Brief Handbook Description: An advanced alternative to COMP3308; covers material at an advanced and challenging level.
Assumed Knowledge: Algorithms. Programming skills (e.g. Java, Python, C, C++, Matlab)
Additional Notes: COMP3308 and COMP3608 share the same lectures, but have different tutorials and assessment (the same type but more challenging).
Lecturer/s: A/Prof Koprinska, Irena
Timetable: COMP3608 Timetable
Time Commitment:
# Activity Name Hours per Week Sessions per Week Weeks per Semester
1 Independent Study 9.00 13
2 Lecture 2.00 1 13
3 Tutorial 1.00 1 12

Learning outcomes are the key abilities and knowledge that will be assessed in this unit. They are listed according to the course goal supported by each. See Assessment Tab for details how each outcome is assessed.
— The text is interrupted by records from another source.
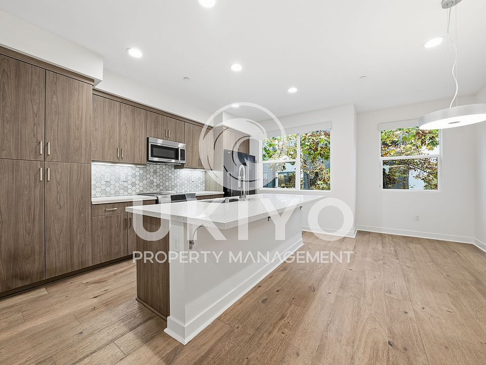 Experience modern urban living at its finest in this stylish three-story townhouse at 1518 Pullman Way in Oakland's vibrant Prescott neighborhood. Built in 2017 and offering approximately 1,644 sq. ft., this home features 2 bedrooms, 2.5 bathrooms, and a private attached garage. The bright, open-concept main level is perfect for entertaining, while the top floor offers two spacious ensuite bedrooms for maximum comfort and privacy. This home is enhanced with thoughtful upgrades throughout, including Hue smart lighting in the garden, dining room chandelier, and the primary bedroom chandelier. You'll also enjoy modern convenience with a Nest doorbell and Nest thermostat already installed. The HOA provides exceptional coverageincluding landscaping, pest control, exterior window cleaning, and solar panel cleaningoffering a truly low-maintenance lifestyle. The location is unmatched: walking distance to West Oakland BART, making SF and the East Bay easily accessible. You're minutes from major highways and conveniently close to Target, Home Depot, Michael's, Best Buy, and the bike trail that leads directly to Treasure Island. Prescott Market is a local favorite just steps away, and the Sunday Farmers' Market is a beloved neighborhood staple, perfect for weekly groceries and fresh local finds. With modern amenities, smart-home features, and an unbeatable location, this home offers the ideal blend of comfort, style, and convenience. Lease Terms and Disclosures This home is available for immediate move-in. Contact us today to place a deposit and secure it. Offered with a one-year lease term. This property will be leased to the best-qualified applicant based on credit score, credit history, income-to-debt ratio, the soonest lease start date, and an offer at or above the listed price. Note: The lease start date may differ from the physical move-in date. Applicants are encouraged to offer the earliest lease start date they can accommodate to strengthen their application. Application fee is $49 per adult. We accept Zillow rental applications with no additional fees. Application screening includes credit check, background check, rental reference check, employment verification (if applicable), and income and identity verification. Minimum credit score required is 650 FICO. Income must be at least three times (3.0x) the monthly rent in gross income. A debt-to-income ratio of 35% or less is preferred. The security deposit is equal to one month's rent. Residents are responsible for all utilities and landscaping maintenance (if applicable). Residents are required to carry renter's insurance with a minimum of $100,000 in personal liability coverage. This is a non-smoking property. Pet-friendly: $500 deposit per pet and $50 monthly pet rent per pet. Two-pet maximum. No breed or weight restrictions. Property is offered unfurnished. Any furnishings shown in photos are for staging purposes only. All photos are representative of the property's general condition and finishes. Actual finishes and conditions may vary. If applicable, all fireplaces are considered decorative only and are not to be used for any combustible materials. Property is leased in AS-IS condition. No upgrades, improvements, or alterations are included or implied. Any floor plans or measurements shown are approximate and not guaranteed. Parking may be offered. Please contact management for details. Professionally managed by Ukiyo Property Management Inc., CA DRE# 02195113. We provide online rent payments, maintenance requests, and prompt, professional communication. This listing was posted by a licensed real estate broker, Nicholas Bruce, CA DRE# 01972378.
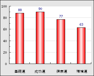 成功運 目的に対する成功運の強さをあらわします。この点数が高いほど自分の思い通りに成功し、逆に悪いと逆境・批判・障害などに苦心します。 90点
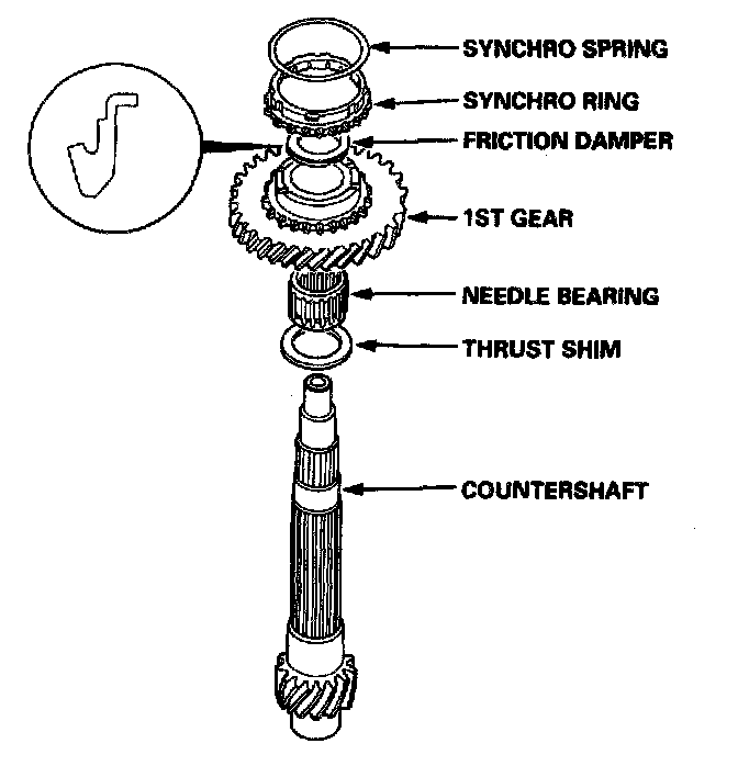 1. Install the thrust shim, needle bearing, 1st gear, friction damper, synchro ring, and synchro spring.
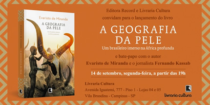 Hoje dia 14 de setembro, acontecerá, na Livraria Cultura do Shopping Iguatemi, o lançamento nacional do livro "A Geografia da Pele", do escritor e pesquisador Dr. Evaristo Eduardo de Miranda. O lançamento é uma parceria da livraria Cultura com a Editora Record. O evento terá início a partir das 19h, com um bate-papo entre o autor e o jornalista Fernando Kassab, no piso térreo da livraria.
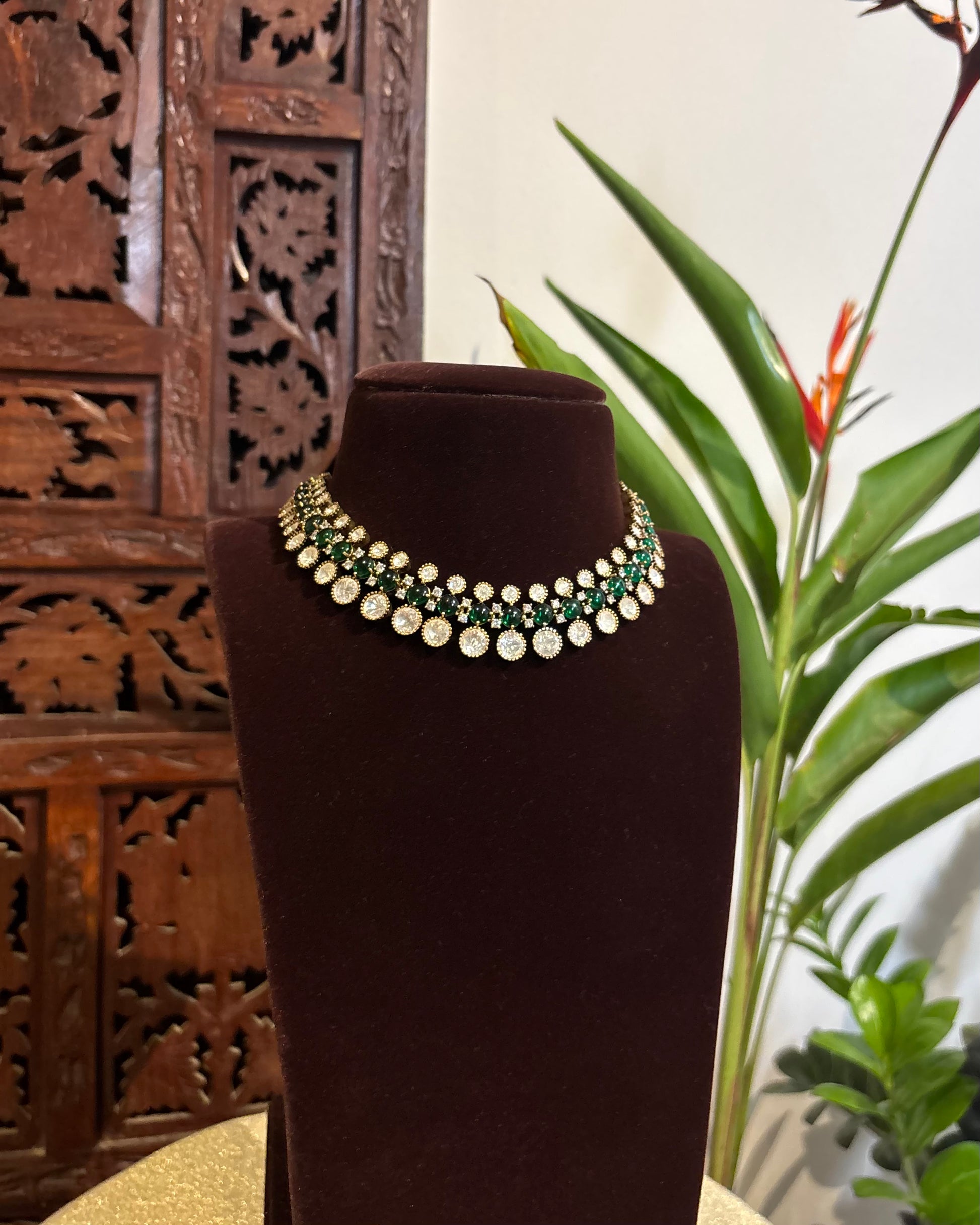 The Radiant Victorian Polki Necklace Set is a breathtaking blend of vintage charm and intricate craftsmanship. This exquisite necklace features two beautifully structured rows of uncut Polki stones, delicately framed with deep red accents, creating a regal and luxurious appeal. The design showcases a harmonious fusion of heritage and modern elegance, making it a perfect statement piece for any occasion.
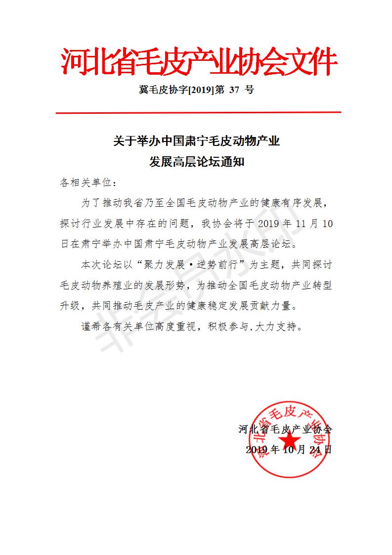 關(guān)于舉辦中國肅寧毛皮動物產(chǎn)業(yè)發(fā)展高層論壇通知

(6) Communication and Inquiry/ Research (Level 3)
1. Present and interpret data and information in verbal and written form.
(3) Problem Solving and Inventiveness (Level 3)
2. Gain practical experience in designing, implementing and evaluating search, game playing and machine learning algorithms.
(2) Engineering/ IT Specialisation (Level 3)
3. Formulate problem space description, select and apply suitable search algorithms (brute-force and heuristic) and analyse the issues involved.
4. Understand and apply minimax search and alpha-beta pruning in game playing.
5. Understand the basic principles and analyse the strengths, weaknesses and applicability of some of the main machine learning and neural network algorithms for classification (e.g. rule-based, nearest neighbor, decision tree, probabilistic, backpropagation and deep networks, support vector machines, ensembles of classifiers) and clustering.
6. Understand probabilistic reasoning with graphical models (Bayesian networks).
7. Appreciate some of the main ideas and views in AI, achievements and shortcomings of AI and the links between AI and other Computer Science areas.
Assessment Methods:
# Name Group Weight Due Week Outcomes
1 Homeworks No 3.00 Multiple Weeks 3, 4, 5, 6, 7,
2 Quiz* No 12.00 Week 5 3,
3 Assignment 1* No 10.00 Week 6 2, 4,
4 Assignment 2* Yes 20.00 Week 10 1, 2, 5,
5 Final Exam No 55.00 Exam Period 4, 5, 6,
Assessment Description: Description:

1. Homeworks: Weekly homework exercises.

2. Quiz: Done in class, during the tutorials.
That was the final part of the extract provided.